By Colleen Taylor -- Electronic News, 1/5/2007

The best weapon against potential pandemics like avian flu could indeed prove to be a computer chip. A microarray-based influenza detection technology, dubbed "MChip," has been developed by scientists at the University of Colorado in close collaboration with the U.S. Centers for Disease Control and Prevention (CDC), and could soon be standard at medical clinics worldwide.

Holding the worldwide license to make and distribute the MChip is Quidel Corp., a San Diego-based provider of rapid point-of-care (POC) diagnostic tests. Quidel said its intent is to develop and market molecular-based diagnostic tests featuring the MChip for use in pandemic surveillance, as a tool for the clinical laboratory and at the point-of-care in the physician office laboratory.

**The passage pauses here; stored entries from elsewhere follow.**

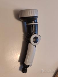 Pistola o lancia da irrigazione per il tubo dell'acqua del giardino. Ha diverse modalità di getto d'acqua. È nuova. Grigia e nera.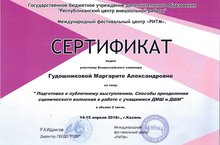 Педагог нашей школы приняла участие во Всероссийском семинаре на тему: "Подготовка к публичному выступлению. Способы преодоления сценического волнения в работе с учащимися ДМШ и ДШИ"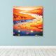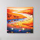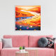 The rich palette of fiery oranges and reds of the desert hills contrasts beautifully with the deep blues of the water, while the bright pink, yellow, and white lotus flowers provide a magical focal point. This piece is perfect for adding a sense of calm, wonder, and a pop of brilliant color to any room.

According to Quidel, the MChip offers several advantages over current molecular-based arrays for the detection of influenza viruses, including the recently disclosed FluChip developed by the same research team at the University of Colorado at Boulder and the CDC. While the majority of molecular-based arrays use sequences from three influenza genes -- hemagglutinin (HA), neuraminidase (NA) and matrix (M)-- the MChip exclusively exploits sequences from the matrix genes. Unlike HA and NA, which mutate constantly, the M gene segment is more conserved. A diagnostic test based on this relatively stable gene segment should be more robust because it will continue to provide accurate results even as the HA and NA genes mutate and will require less frequent reconfiguration, Quidel said.

In addition, Quidel said, current molecular tests provide only information about the type of virus present in a single sample. The MChip offers the advantage of simultaneously typing and subtyping the flu virus in a single procedure, avoiding the need for additional subtyping of the virus.

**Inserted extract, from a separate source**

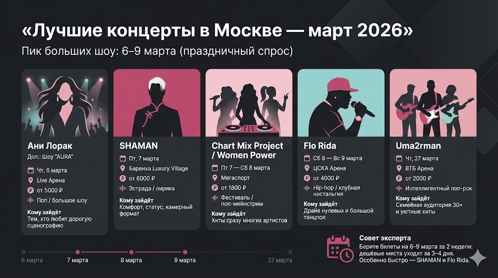 Март 2026 года демонстрирует жанровую эклектику: американский хип-поп соседствует с патриотической лирикой, а ностальгия нулевых соперничает с современным чарт-мейнстримом. Праздник формирует спрос. Большинство крупных шоу концентрируется на отрезке 6-9 марта.
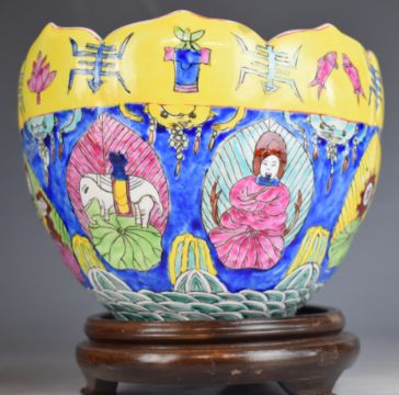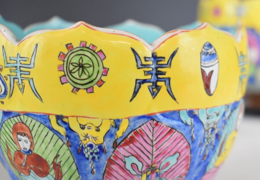 Pair of Chinese pedestal bowls on stands with figural decorations, H12cm

The MChip has been validated in collaboration with the CDC by testing H5N1 samples collected over a three-year period from people and animals around the world and to date has correctly identified 24 different H5N1 flu strains at 97 percent sensitivity and 100 percent specificity, with no reported false positives, Quidel said.

"This new technology, once manufactured and distributed, could have the potential to revolutionize the way laboratories test for influenza," Dr. Nancy Cox, director of the influenza division of the CDC, said in a statement. "The MChip could enable more scientists and physicians, possibly even those working in remote places, to more quickly test for H5N1 and to accurately identify the specific strain and its features."